翌日天刚蒙蒙亮,阿妈揣了两斤新晒的梅干菜,踩着霜露往东村去。王婆子家的土坯墙根倚着捆干柴,烟囱里正冒着袅袅的青烟,她刚掀开锅盖,就见李家阿妈颠颠地进来,忙笑着让坐:“他婶子,这大清早的,你这是踩着露水赏我脸来了?”
阿妈把梅干菜往灶台上一放,脸上堆着笑,却有些坐立不安,搓着手道:“嫂子,俺今儿来,是有桩事要求你。

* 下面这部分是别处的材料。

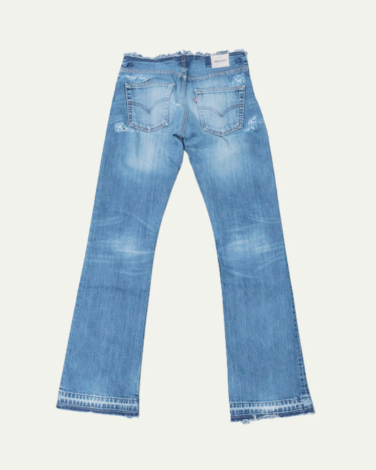 Our Trasher denim is constructed using vintage denim. Pairs are handpicked for their wash and detail. They are then washed and cut.
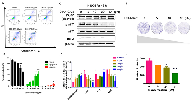 Figure 4: D561-0775 significantly induced apoptosis in H1975. (A) Flow cytometric analysis of the apoptosis level after D561-0775 treatment for 48 h. (B) Statistical analysis result of apoptosis data. (C) PARP was cleaved by D561-0775, while p-AKT, Bcl-2 were decreased by treating with D561-0775 for 48 h. (D) Statistical analysis of the densitometry of the signals of cleaved PARP, p-AKT, AKT, Bcl-2. (E) Photomicrographs of colony formation assay data after treatment with D561-0775 at different doses (0, 5, 10, 20 μM). (F) Statistical analysis of colony formation assay. All data was presented as mean ± SD (n= 3, * p < 0.05, ** p < 0.01, *** p < 0.001). All western blot images were cropped from full-length blots.

”
王婆子舀了碗热水递给她,挑眉道:“你这是说的啥话,咱邻里邻外的,有啥不能说的?”
阿妈凑近了些,压低了声音,生怕被旁人听了去:“俺家新生,你是知道的。那素芬带着大根嫁过来,旁人总嚼舌根,说大根不是李家的种。俺就想着,你早年帮人验过亲,那土法子……还能用不?”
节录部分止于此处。